**Activity**
Starting with the line that holds "The Thangkha depicts" and stopping after the line that holds "Ein Schmetterling sonnt", repeat the lines below word for word, without the pictures.

Records from a collection:
○ ○ ○ ○ ○ ○ ○
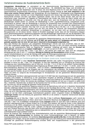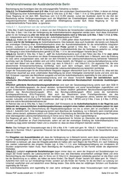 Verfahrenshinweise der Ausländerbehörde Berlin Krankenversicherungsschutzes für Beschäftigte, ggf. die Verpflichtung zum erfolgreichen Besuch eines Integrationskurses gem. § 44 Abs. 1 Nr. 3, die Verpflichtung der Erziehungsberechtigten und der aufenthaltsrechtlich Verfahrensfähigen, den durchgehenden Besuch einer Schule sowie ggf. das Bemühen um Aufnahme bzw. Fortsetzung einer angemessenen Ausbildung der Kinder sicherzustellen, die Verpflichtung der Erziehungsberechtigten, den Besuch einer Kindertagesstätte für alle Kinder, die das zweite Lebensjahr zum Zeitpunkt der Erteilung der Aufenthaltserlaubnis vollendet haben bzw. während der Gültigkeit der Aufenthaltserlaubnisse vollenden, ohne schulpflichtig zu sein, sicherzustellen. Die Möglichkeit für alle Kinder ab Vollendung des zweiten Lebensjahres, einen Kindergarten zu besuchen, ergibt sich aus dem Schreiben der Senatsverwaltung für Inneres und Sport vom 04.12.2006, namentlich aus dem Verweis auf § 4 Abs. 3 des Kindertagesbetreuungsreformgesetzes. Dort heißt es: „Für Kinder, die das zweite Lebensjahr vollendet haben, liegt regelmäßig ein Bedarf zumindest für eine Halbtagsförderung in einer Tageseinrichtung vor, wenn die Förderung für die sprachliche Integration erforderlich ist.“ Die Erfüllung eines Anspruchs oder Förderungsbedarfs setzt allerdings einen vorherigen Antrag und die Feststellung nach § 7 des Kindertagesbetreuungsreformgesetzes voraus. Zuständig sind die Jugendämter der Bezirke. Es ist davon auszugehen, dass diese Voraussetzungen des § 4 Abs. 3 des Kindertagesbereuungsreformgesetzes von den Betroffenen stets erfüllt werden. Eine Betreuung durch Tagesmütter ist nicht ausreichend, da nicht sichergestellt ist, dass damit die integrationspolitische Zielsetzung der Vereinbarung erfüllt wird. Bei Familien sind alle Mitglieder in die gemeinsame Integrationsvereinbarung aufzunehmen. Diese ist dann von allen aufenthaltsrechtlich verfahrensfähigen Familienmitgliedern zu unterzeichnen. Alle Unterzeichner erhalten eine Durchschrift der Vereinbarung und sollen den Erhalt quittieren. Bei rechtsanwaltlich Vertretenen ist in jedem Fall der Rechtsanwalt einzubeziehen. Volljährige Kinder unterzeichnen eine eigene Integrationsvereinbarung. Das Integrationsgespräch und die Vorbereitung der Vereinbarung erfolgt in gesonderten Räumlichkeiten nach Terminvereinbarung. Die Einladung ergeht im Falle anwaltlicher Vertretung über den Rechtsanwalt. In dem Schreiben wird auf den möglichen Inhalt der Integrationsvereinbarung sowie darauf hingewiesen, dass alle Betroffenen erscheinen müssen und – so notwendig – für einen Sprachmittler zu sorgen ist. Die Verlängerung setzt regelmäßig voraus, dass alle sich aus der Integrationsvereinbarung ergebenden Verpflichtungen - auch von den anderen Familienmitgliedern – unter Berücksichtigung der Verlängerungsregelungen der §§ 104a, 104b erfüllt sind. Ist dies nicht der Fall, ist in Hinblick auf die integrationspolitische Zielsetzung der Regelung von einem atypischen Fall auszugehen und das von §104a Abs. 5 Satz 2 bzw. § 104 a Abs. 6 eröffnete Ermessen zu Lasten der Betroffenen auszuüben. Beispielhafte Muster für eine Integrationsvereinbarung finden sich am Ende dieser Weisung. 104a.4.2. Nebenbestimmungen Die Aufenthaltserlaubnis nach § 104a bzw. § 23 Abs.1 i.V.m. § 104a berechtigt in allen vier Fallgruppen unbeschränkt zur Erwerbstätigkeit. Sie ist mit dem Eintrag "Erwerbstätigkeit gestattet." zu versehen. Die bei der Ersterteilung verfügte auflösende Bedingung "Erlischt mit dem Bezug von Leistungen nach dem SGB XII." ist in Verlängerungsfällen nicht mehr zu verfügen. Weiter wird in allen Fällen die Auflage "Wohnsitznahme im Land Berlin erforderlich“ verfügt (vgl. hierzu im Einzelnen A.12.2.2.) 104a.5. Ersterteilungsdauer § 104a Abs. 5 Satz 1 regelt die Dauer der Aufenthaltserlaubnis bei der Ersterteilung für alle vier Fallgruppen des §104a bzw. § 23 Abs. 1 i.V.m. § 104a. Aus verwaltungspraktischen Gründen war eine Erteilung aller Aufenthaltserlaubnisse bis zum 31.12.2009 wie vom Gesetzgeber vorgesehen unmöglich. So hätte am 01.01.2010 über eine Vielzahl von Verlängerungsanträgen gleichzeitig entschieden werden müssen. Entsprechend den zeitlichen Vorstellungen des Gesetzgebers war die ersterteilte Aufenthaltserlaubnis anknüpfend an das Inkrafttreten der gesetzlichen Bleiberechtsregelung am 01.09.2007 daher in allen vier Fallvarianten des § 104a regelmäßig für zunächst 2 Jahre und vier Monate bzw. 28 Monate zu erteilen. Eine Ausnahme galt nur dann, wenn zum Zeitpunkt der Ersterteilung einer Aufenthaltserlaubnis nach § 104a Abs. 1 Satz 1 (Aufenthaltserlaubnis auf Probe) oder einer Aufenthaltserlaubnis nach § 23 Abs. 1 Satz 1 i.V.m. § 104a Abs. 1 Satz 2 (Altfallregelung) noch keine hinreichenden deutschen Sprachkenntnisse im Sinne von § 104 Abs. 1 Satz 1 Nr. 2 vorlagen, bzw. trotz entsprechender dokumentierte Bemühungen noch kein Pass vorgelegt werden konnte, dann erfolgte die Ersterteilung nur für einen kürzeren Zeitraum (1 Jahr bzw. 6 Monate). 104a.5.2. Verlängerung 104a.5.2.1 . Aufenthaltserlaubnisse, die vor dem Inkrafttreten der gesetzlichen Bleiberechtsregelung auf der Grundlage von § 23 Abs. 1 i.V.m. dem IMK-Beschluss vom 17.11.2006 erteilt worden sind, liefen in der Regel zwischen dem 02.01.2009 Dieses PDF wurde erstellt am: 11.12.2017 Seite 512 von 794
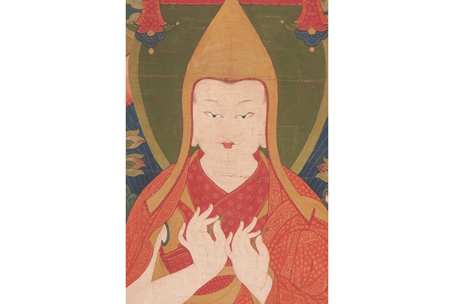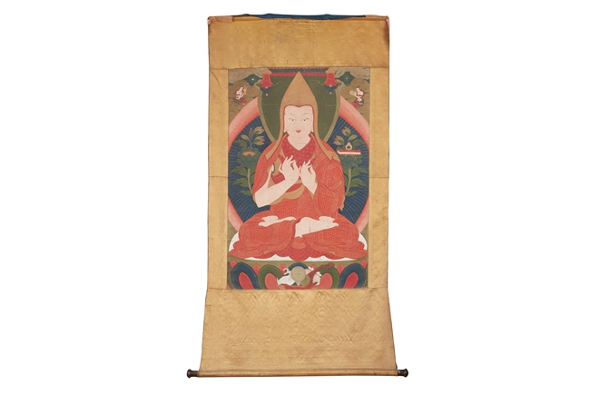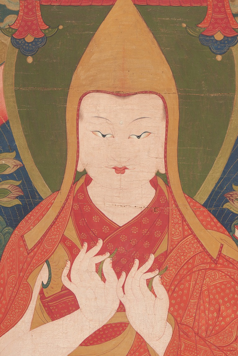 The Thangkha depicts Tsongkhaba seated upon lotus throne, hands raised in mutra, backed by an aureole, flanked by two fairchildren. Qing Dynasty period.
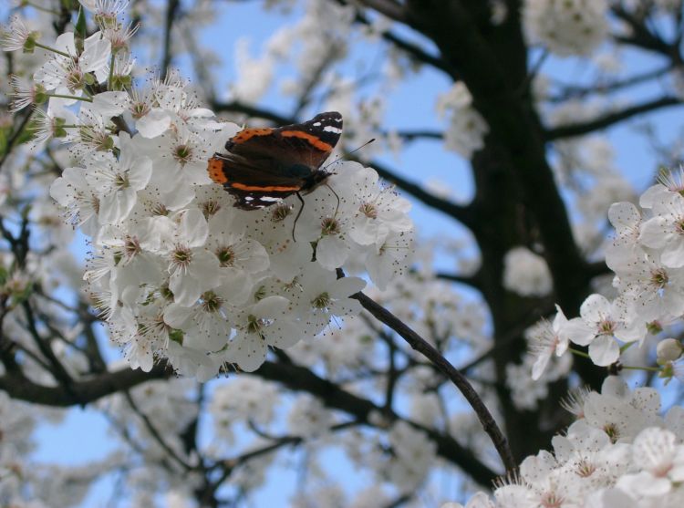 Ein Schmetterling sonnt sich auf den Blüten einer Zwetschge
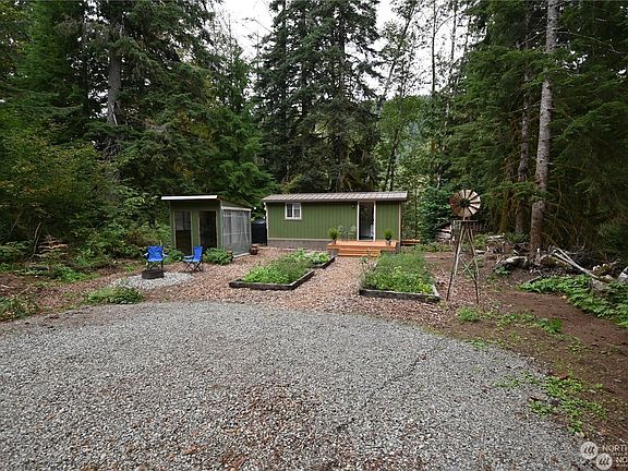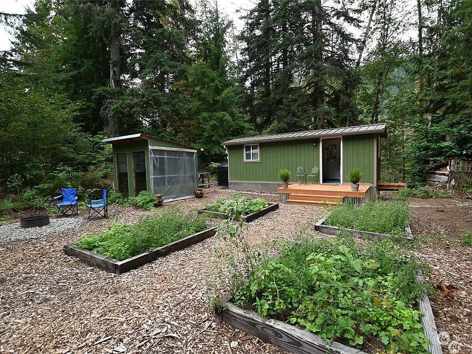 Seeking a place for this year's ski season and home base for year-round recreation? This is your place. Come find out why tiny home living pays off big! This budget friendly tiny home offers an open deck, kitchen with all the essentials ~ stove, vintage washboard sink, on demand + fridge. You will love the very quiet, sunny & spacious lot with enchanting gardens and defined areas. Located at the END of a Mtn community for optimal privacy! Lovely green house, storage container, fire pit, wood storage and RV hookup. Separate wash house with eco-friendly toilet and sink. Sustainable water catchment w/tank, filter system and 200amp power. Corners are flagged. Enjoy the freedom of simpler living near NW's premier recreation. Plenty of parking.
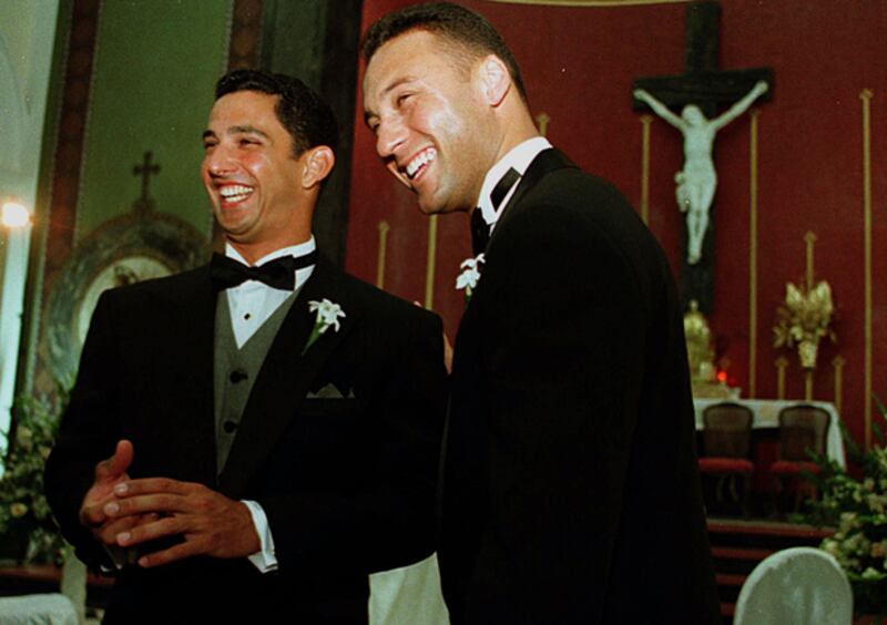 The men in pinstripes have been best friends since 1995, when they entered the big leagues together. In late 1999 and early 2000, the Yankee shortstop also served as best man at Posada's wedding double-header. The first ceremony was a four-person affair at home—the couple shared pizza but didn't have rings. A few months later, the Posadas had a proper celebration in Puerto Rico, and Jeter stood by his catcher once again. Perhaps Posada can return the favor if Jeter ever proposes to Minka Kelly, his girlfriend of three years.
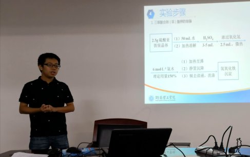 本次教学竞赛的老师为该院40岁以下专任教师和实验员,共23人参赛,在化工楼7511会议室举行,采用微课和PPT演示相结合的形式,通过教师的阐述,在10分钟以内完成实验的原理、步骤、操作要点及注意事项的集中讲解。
○ ○ ○ ○ ○ ○ ○
**Task response**
 The Thangkha depicts Tsongkhaba seated upon lotus throne, hands raised in mutra, backed by an aureole, flanked by two fairchildren. Qing Dynasty period.
 Ein Schmetterling sonnt sich auf den Blüten einer Zwetschge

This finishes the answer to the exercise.